Loading...

BREAKING NEWS

  DESKRIPSI GAMBAR  
Puncak perayaan HUT Resimen Armed 2 ke-55, dimeriahkan pentas musik dan pagelaran budaya

Puncak perayaan HUT Resimen Armed 2 ke-55, dimeriahkan pentas musik dan pagelaran budaya

Kapolres Bersama Pejabat Utama Polres Purwakarta Menghadiri Dirgahayu Resimen Armed 2/1 Kostrad Ke 55.

PURWAKARTA, (MI)- Puncak perayaan ulang tahun Resimen Armed 2 ke-55, dimeriahkan pentas musik dan pagelaran budaya, yang digelar di Aula The Gunners Resimen Armed 2 Sadang, Purwakarta, Selasa (29/1/2019).

Selain dihadiri oleh unsur Muspida dan Tokoh Masyarakat, acara syukuran hari jadi resimen itu juga menghadirkan Musisi Obbie Messakh dan Budayawan Sunda, Dedi Mulyadi.
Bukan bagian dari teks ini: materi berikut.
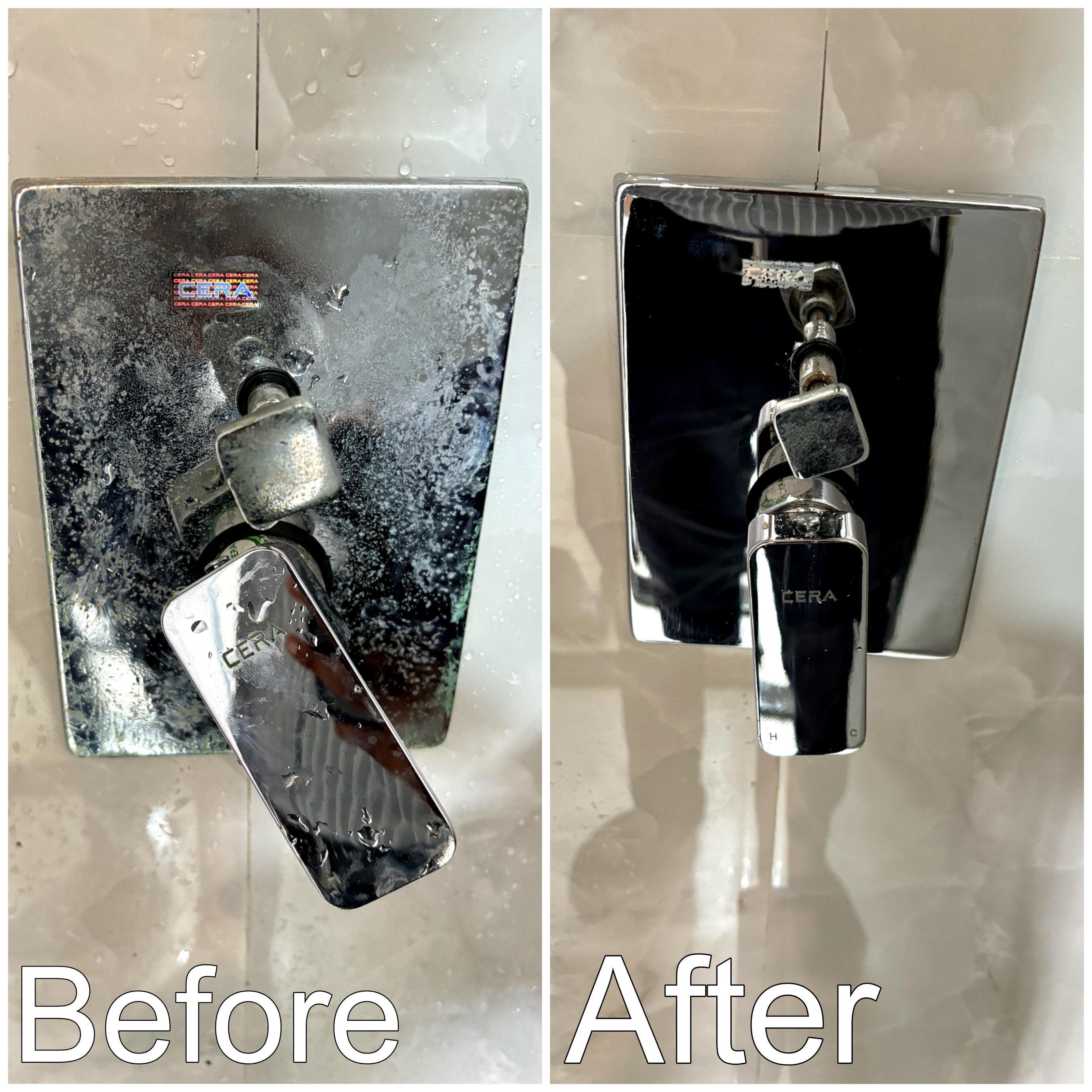 I was tired of white hard water marks on my shower and basin taps. This cleaner removed them⭐⭐⭐⭐⭐

Penghargaan dan hadiah untuk sejumlah perlombaan pada rangkaian ulang tahun juga diserahkan pada para juara dalam acara tersebut.

Dalam keterangannya, Komandan Resimen Armed 2/1 Kostrad, Kolonel Arm Yuniar Dwi Hantono mengatakan, di Ulang tahun Ke-55 dengan revolusi industri 4.0 maka resimen Armed sudah memiliki persenjataan alutsista yang sangat canggih, akan tetapi jati diri sebagai Tentara Nasional Indonesia (TNI) tidak boleh berubah. 

"Jati diri sebagai tentara tentara pejuang nasional yang tidak berubah walaupun Alutsista kita sudah canggih, tetap semangat dan berikan pengabdian terbaik untuk bangsa dan negara serta rakyat," kata Yuniar saat ditemui usai kegiatan, Selasa (29/1/2019). 

Kedepan, perwira TNI yang terkenal dengan keramahannya itu, berharap Resimen bisa berperan dan bermanfaat bagi masyarakat.

"Saya berharap Resimen bisa terus bermanfaat khususnya kepada masyarakat yang ada di Purwakarta, dan juga TNI akan terus dekat serta dicintai Rakyat," kata Yuniar 

Sementara itu, dalam uraiannya, Budayawan Sunda Dedi Mulyadi mengatakan, dalam sejarah perjuangan bangsa, TNI membuktikan kekuatan perpaduan alam dan budaya untuk mencapai dan mempertahankan kemerdekaan Republik Indonesia.

"Kini, hal itu juga tetap konsisten dilakukan. Seperti diterapkan jajaran Resimen Armed 2, baik dengan alam, budaya dan masyarakat. Perayaan ulang tahun dengan melibatkan berbagai unsur ini menjadi bukti, terjaganya TNI Manunggal Rakyat," kata Dedi.

Sekilas Sejarah Resimen Armed 2

Dikutip dari laman Wikipedia, sejarah Resimen Armed 2 berawal pada saat pembentukan Brigade Artileri 2 berdasarkan Surat Keputusan Men/Pangab Nomor Kep/491/XII/1963 tanggal 29 Desember 1963 dan Surat Perintah Men/Pangab Nomor Sprin/36/I/1964 tanggal 29 Januari 1964 tentang organisasi Brigade Artileri 2 dengan Markas Brigade berkedudukan di Jl. Prof. Sahardjo 96 B Jakarta.

Kesatuan-kesatuan yang termasuk dalam Brigade Artileri 2 adalah; Yonarmed 10/76 Para berkedudukan di Ciluar Bogor, Yonarmed 11/76 Tarik berkedudukan di Magelang dan Yonarmed 12/76 Para berkedudukan di Ngawi.

Pada tahun 1967, berdasarkan Surat Keputusan Pangkostrad Nomor Skep/020/III/1967 tanggal 2 Maret 1967 sebutan Brigade Artileri 2 diganti dengan Resimen Artileri Medan 2 Kostrad bersamaan dengan ini Yonarmed 11/76 Tarik dikembalikan ke Kodam VII/Diponegoro.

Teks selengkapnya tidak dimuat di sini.